问题是，当推断类型时， o 是：

The problem is that when the type is inferred, then the type of o is:

{ dic: { a: number, b: number } }

与 {dic不同：{[name：string ]：数字}} 。至关重要的是，使用最高签名的人不允许您执行 o.dic ['x'] = 1 之类的操作。有了第二个签名，就可以了。

That's not the same as { dic: { [name: string]: number } }. Critically, with the top signature you're not allowed to do something like o.dic['x'] = 1. With the 2nd signature you are.

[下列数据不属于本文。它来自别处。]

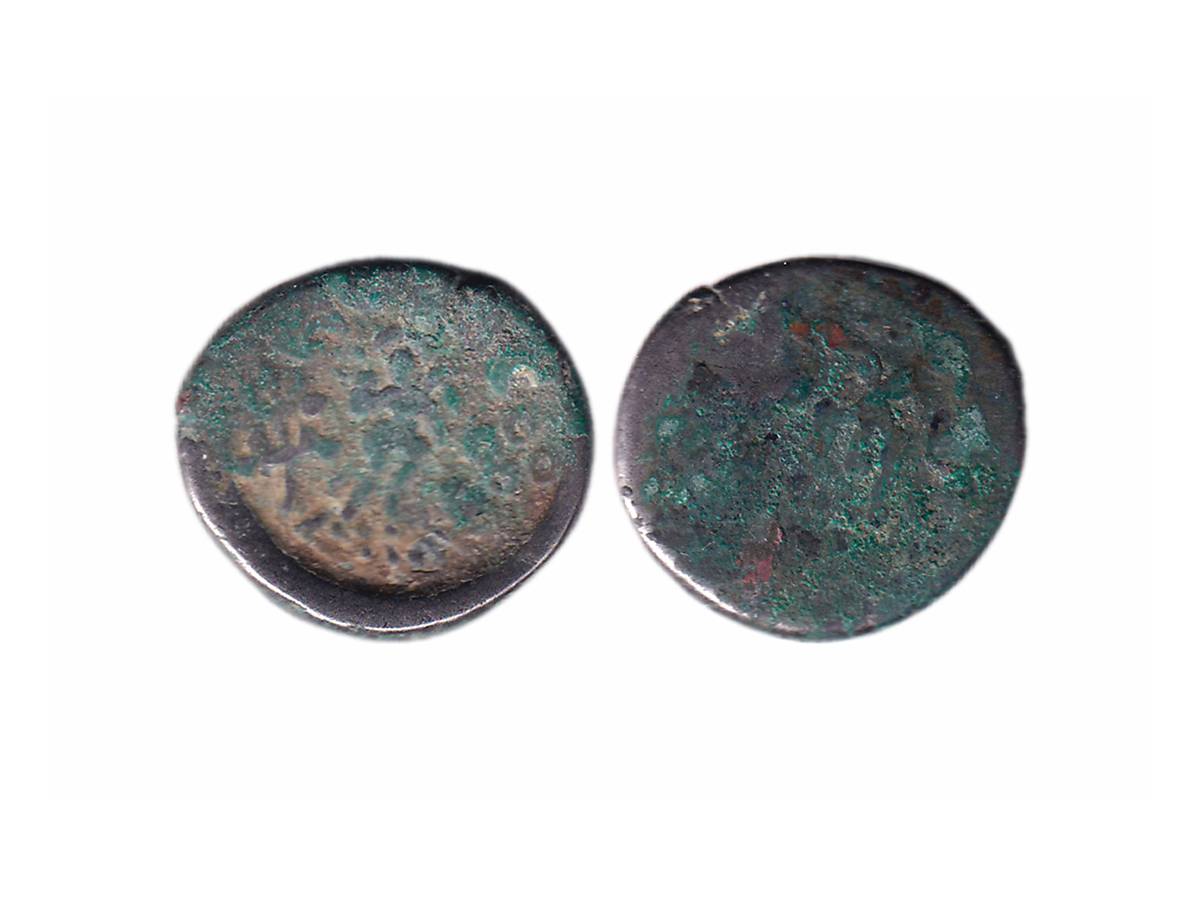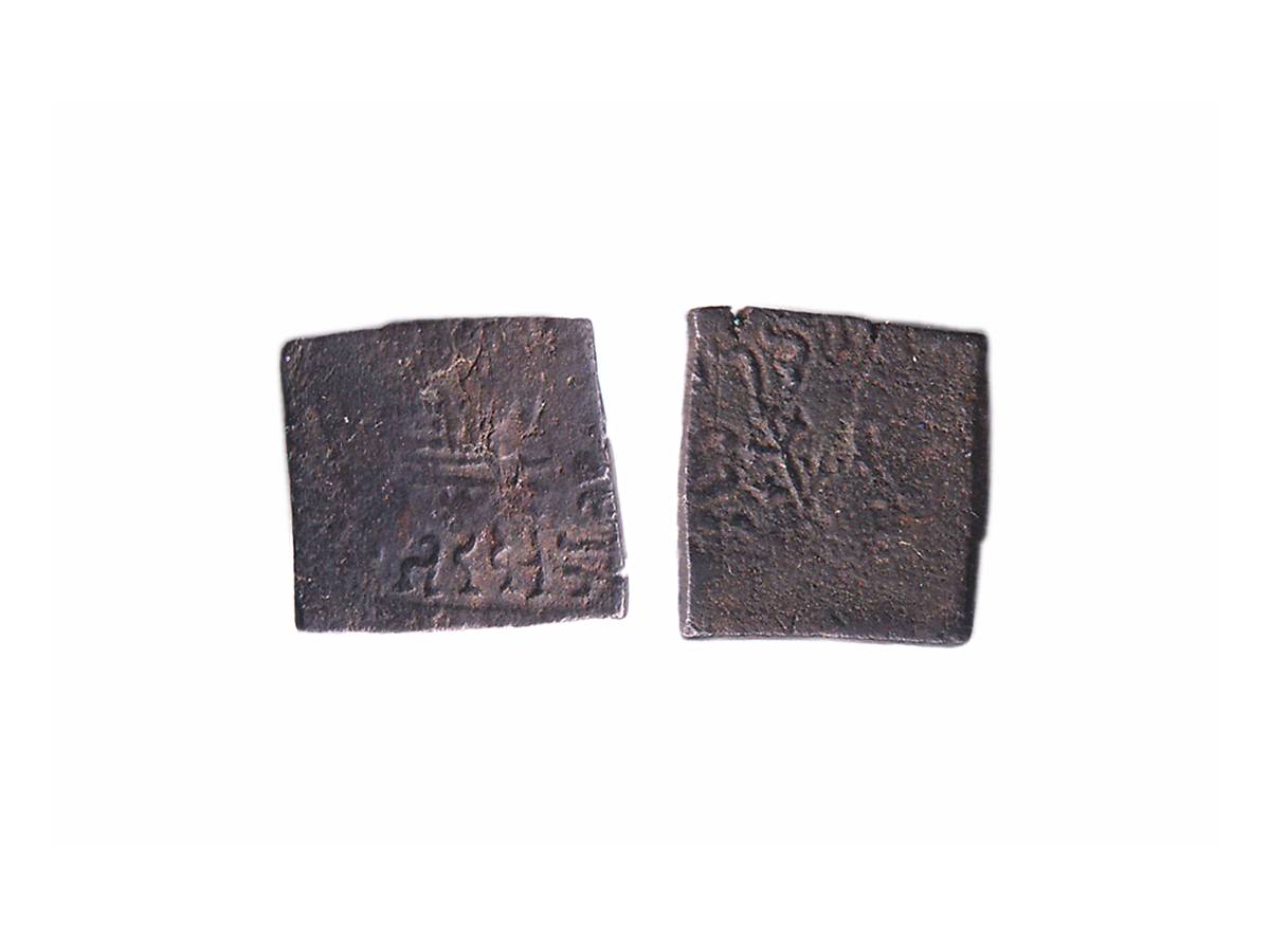 Tribe of Punjab, Audumbaras, Rudradasa (c. 200-150 BC), Copper Unit, 2.33g, Obv: Double storied temple or stupa, trident axe on right side and traces of Brahmi legend, Rev: Tree-in-railing, Forepart of elephant facing to left side and Kharoshthi legend. ( Pieper # 1031). Very Fine+.
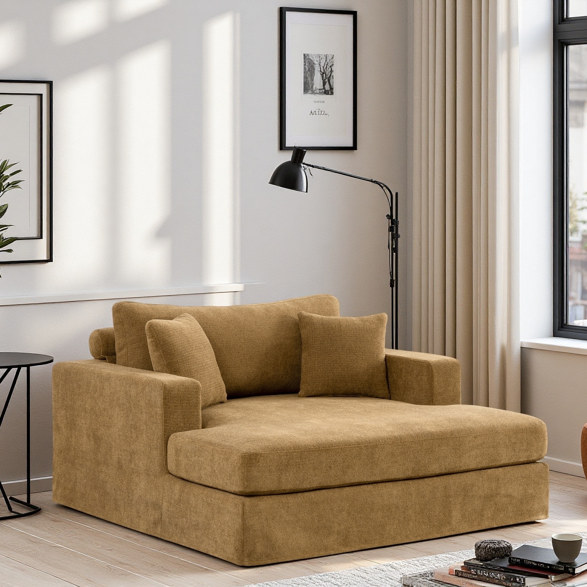 56.3'' Chenille Sofa Bed with Metal Legs and Pocketed Spring Cushion
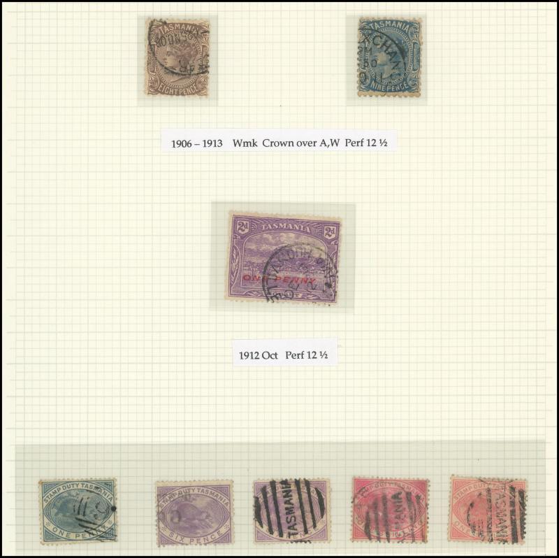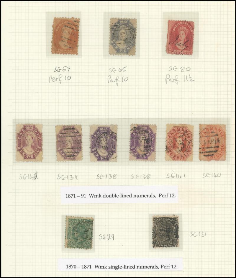 selection x8, 'TASMANIA' 6d x2 & 1/-, some with less than full margins, and 1863-71 Experimental Separations group x21 (not checked by us) including Serrated Perf 19 1d SG 118, all apparently postally used but nothing has been expertised, Cat £7000
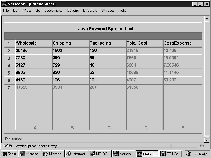 Figure 20.3 : A document using the SpreadSheet applet's defaultsettings.

它们在运行时是等效类型（实际上，它们是完全相同的值），但是TypeScript的安全性很大一部分来自于这些事实并不相同，并且只有在知道对象明确地被视为一个对象的情况下，才允许您将其视为字典。这就是阻止您意外读取和写入对象上完全不存在的属性的原因。

They are equivalent types at runtime (indeed, they're the exact same value), but a big part of TypeScript's safety comes from the fact that these aren't the same, and that it'll only let you treat an object as a dictionary if it knows it's explicitly intended as one. This is what stops you accidentally reading and writing totally non-existent properties on objects.

解决方案是确保TypeScript知道它打算用作字典。这意味着：

The solution is to ensure TypeScript knows that it's intended as a dictionary. That means:

• 在某处显式提供一种类型，以表明它是字典：

• Explicitly providing a type somewhere that tells it it's a dictionary:

let o：MyInterface

将其设置为字典内联：

Asserting it to be a dictionary inline:

let o = {dic：< {[名称：字符串]：数字}> {'a'：1，'b'：2}}

确保它是TypeScript为您推断的初始类型：

Ensuring it's the initial type that TypeScript infers for you:

foo（{dic：{'a'：1，'b'：2}}）

如果在某些情况下TypeScript认为它是仅具有两个属性的普通对象，然后尝试将其用作一本字典，会很不开心。

If there's a case where TypeScript thinks it's a normal object with just two properties, and then you try to use it later as a dictionary, it'll be unhappy.